HOW TO COMPLETE THIS TASK: Repeat, exactly and in full, the lines of the listing below, but without any pictures.

#### PROVIDED INFORMATION

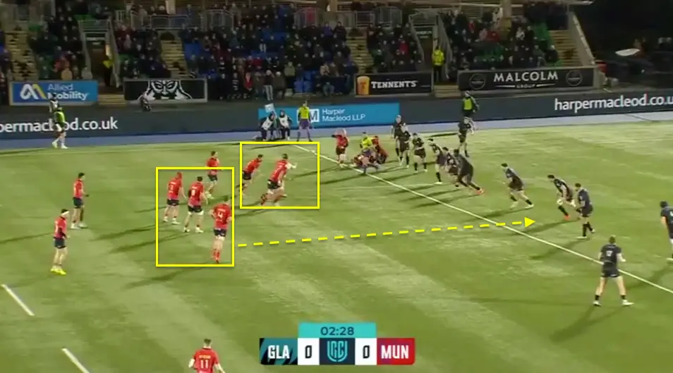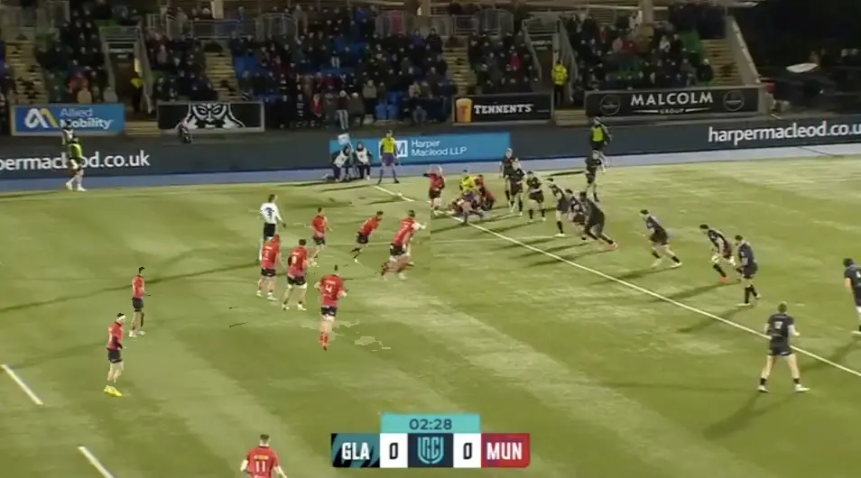 Glasgow have a lineout and move to the middle of the field. We know from watching Glasgow that they love playing to width here, but we make a key mistake early.
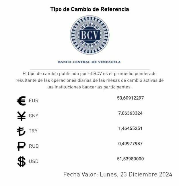 El Banco Central de Venezuela (BCV) ha anunciado que la tasa oficial del dólar para hoy es de 51,53 bolívares, mientras que el Monitor Dólar, una herramienta que sigue el mercado paralelo, informa una cotización de 64,09 bolívares. Esta diferencia significativa entre ambos valores continúa planteando un entorno económico complejo en el país.
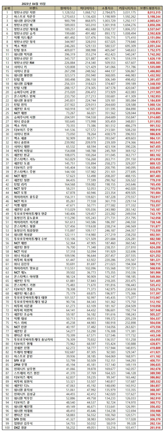 2023년 4월 보이그룹 개인 브랜드평판 100위 브랜드는 방탄소년단 지민, 아스트로 차은우, 워너원 강다니엘, 방탄소년단 뷔, 방탄소년단 제이홉, 방탄소년단 슈가, 빅뱅 지드래곤, 방탄소년단 정국, 엑소 백현, 틴탑 창조, 워너원 박지훈, 방탄소년단 진, 방탄소년단 RM, 샤이니 키, 샤이니 온유, 워너원 황민현, 틴탑 캡, 워너원 김재환, 틴탑 니엘, 슈퍼주니어 규현, 몬스타엑스 민혁, 워너원 옹성우, 틴탑 천지, 세븐틴 호시, NCT 재현, 슈퍼주니어 시원, 위너 강승윤, 엑소 카이, 더보이즈 주연, 샤이니 민호, 엑소 세훈, 위너 송민호, 샤이니 태민, 비투비 이창섭, 세븐틴 민규, 몬스타엑스 셔누, 세븐틴 도겸, 더보이즈 선우, 몬스타엑스 주헌, NCT 해찬, 세븐틴 정한, 틴탑 리키, NCT 정우, NCT 도영, 하이라이트 윤두준, NCT 마크, 빅뱅 태양, 세븐틴 승관, 투모로우바이투게더 연준, 동방신기 유노윤호, 하이라이트 이기광, 몬스타엑스 형원, 동방신기 최강창민, 워너원 하성운, 투모로우바이투게더 수빈, NCT 재민, 세븐틴 원우, NCT 지성, 위너 이승훈, 비투비 육성재, 위너 김진우, 하이라이트 양요섭, NCT 제노, 몬스타엑스 아이엠, 세븐틴 우지, 몬스타엑스 기현, 더보이즈 영훈, 세븐틴 에스쿱스, 투모로우바이투게더 태현, 투모로우바이투게더 범규, 비투비 서은광, 비투비 이민혁, 세븐틴 조슈아, 빅뱅 대성, 빅스 라비, NCT 런쥔, 세븐틴 준, 펜타곤 후이, 투모로우바이투게더 휴닝카이, 더보이즈 현재, 갓세븐 진영, 트레저 방예담, 아스트로 문빈, SF9 로운, 2PM 우영, 인피니트 남우현, 스트레이 키즈 현진, 더보이즈 에릭, 비투비 임현식, 세븐틴 디노, 워너원 윤지성, 인피니트 김성규, 워너원 박우진, 더보이즈 큐, 워너원 배진영, 워너원 이대휘, 펜타곤 진호, SF9 찬희, 업텐션 김우석, DKZ 경윤 이다.
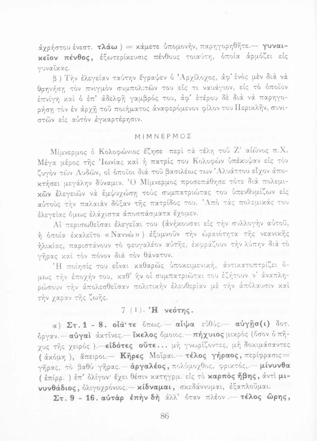 Σχολικό εγχειρίδιο Αρχαίων Ελληνικών Γ΄ Λυκείου που περιλαμβάνει αποσπάσματα έργων αρχαίων Ελλήνων λυρικών, πολιτικές και γνωμικές ελεγείες, ιάμβους και επιγράμματα. Περιέχει υπόμνημα με ερμηνευτικά, ...
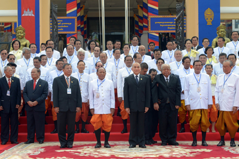 Quốc vương Campuchia Norodom Sihamoni (thứ tư, phải), Thủ tướng Hun Sen (thứ hai, phải) và các thành viên Quốc hội mới tại Phnom Penh ngày 23/9/2013. Ảnh: AFP/TTXVN |
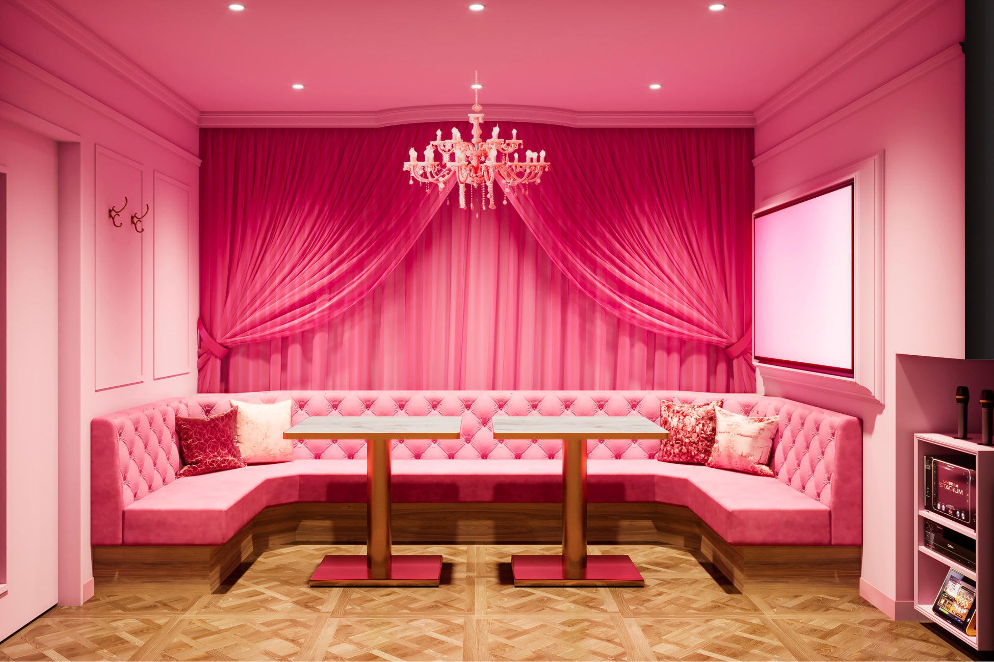 推しのメンバーカラーで楽しめる「推し色ルーム」をビッグエコーで初めて導入しました。扉や壁、ソファなどの室内装飾品を11色の豊富なカラーバリエーションで展開します。また、ラグジュアリーフロアでは、フロア全体からルーム内装品に至るまで、質感やデザインにこだわりました。高級感ある空間で優雅にカラオケを楽しむことができます。

########

RESPONSE AREA:
 Glasgow have a lineout and move to the middle of the field. We know from watching Glasgow that they love playing to width here, but we make a key mistake early.
 El Banco Central de Venezuela (BCV) ha anunciado que la tasa oficial del dólar para hoy es de 51,53 bolívares, mientras que el Monitor Dólar, una herramienta que sigue el mercado paralelo, informa una cotización de 64,09 bolívares. Esta diferencia significativa entre ambos valores continúa planteando un entorno económico complejo en el país.
 2023년 4월 보이그룹 개인 브랜드평판 100위 브랜드는 방탄소년단 지민, 아스트로 차은우, 워너원 강다니엘, 방탄소년단 뷔, 방탄소년단 제이홉, 방탄소년단 슈가, 빅뱅 지드래곤, 방탄소년단 정국, 엑소 백현, 틴탑 창조, 워너원 박지훈, 방탄소년단 진, 방탄소년단 RM, 샤이니 키, 샤이니 온유, 워너원 황민현, 틴탑 캡, 워너원 김재환, 틴탑 니엘, 슈퍼주니어 규현, 몬스타엑스 민혁, 워너원 옹성우, 틴탑 천지, 세븐틴 호시, NCT 재현, 슈퍼주니어 시원, 위너 강승윤, 엑소 카이, 더보이즈 주연, 샤이니 민호, 엑소 세훈, 위너 송민호, 샤이니 태민, 비투비 이창섭, 세븐틴 민규, 몬스타엑스 셔누, 세븐틴 도겸, 더보이즈 선우, 몬스타엑스 주헌, NCT 해찬, 세븐틴 정한, 틴탑 리키, NCT 정우, NCT 도영, 하이라이트 윤두준, NCT 마크, 빅뱅 태양, 세븐틴 승관, 투모로우바이투게더 연준, 동방신기 유노윤호, 하이라이트 이기광, 몬스타엑스 형원, 동방신기 최강창민, 워너원 하성운, 투모로우바이투게더 수빈, NCT 재민, 세븐틴 원우, NCT 지성, 위너 이승훈, 비투비 육성재, 위너 김진우, 하이라이트 양요섭, NCT 제노, 몬스타엑스 아이엠, 세븐틴 우지, 몬스타엑스 기현, 더보이즈 영훈, 세븐틴 에스쿱스, 투모로우바이투게더 태현, 투모로우바이투게더 범규, 비투비 서은광, 비투비 이민혁, 세븐틴 조슈아, 빅뱅 대성, 빅스 라비, NCT 런쥔, 세븐틴 준, 펜타곤 후이, 투모로우바이투게더 휴닝카이, 더보이즈 현재, 갓세븐 진영, 트레저 방예담, 아스트로 문빈, SF9 로운, 2PM 우영, 인피니트 남우현, 스트레이 키즈 현진, 더보이즈 에릭, 비투비 임현식, 세븐틴 디노, 워너원 윤지성, 인피니트 김성규, 워너원 박우진, 더보이즈 큐, 워너원 배진영, 워너원 이대휘, 펜타곤 진호, SF9 찬희, 업텐션 김우석, DKZ 경윤 이다.
 Σχολικό εγχειρίδιο Αρχαίων Ελληνικών Γ΄ Λυκείου που περιλαμβάνει αποσπάσματα έργων αρχαίων Ελλήνων λυρικών, πολιτικές και γνωμικές ελεγείες, ιάμβους και επιγράμματα. Περιέχει υπόμνημα με ερμηνευτικά, ...
 Quốc vương Campuchia Norodom Sihamoni (thứ tư, phải), Thủ tướng Hun Sen (thứ hai, phải) và các thành viên Quốc hội mới tại Phnom Penh ngày 23/9/2013. Ảnh: AFP/TTXVN |
 推しのメンバーカラーで楽しめる「推し色ルーム」をビッグエコーで初めて導入しました。扉や壁、ソファなどの室内装飾品を11色の豊富なカラーバリエーションで展開します。また、ラグジュアリーフロアでは、フロア全体からルーム内装品に至るまで、質感やデザインにこだわりました。高級感ある空間で優雅にカラオケを楽しむことができます。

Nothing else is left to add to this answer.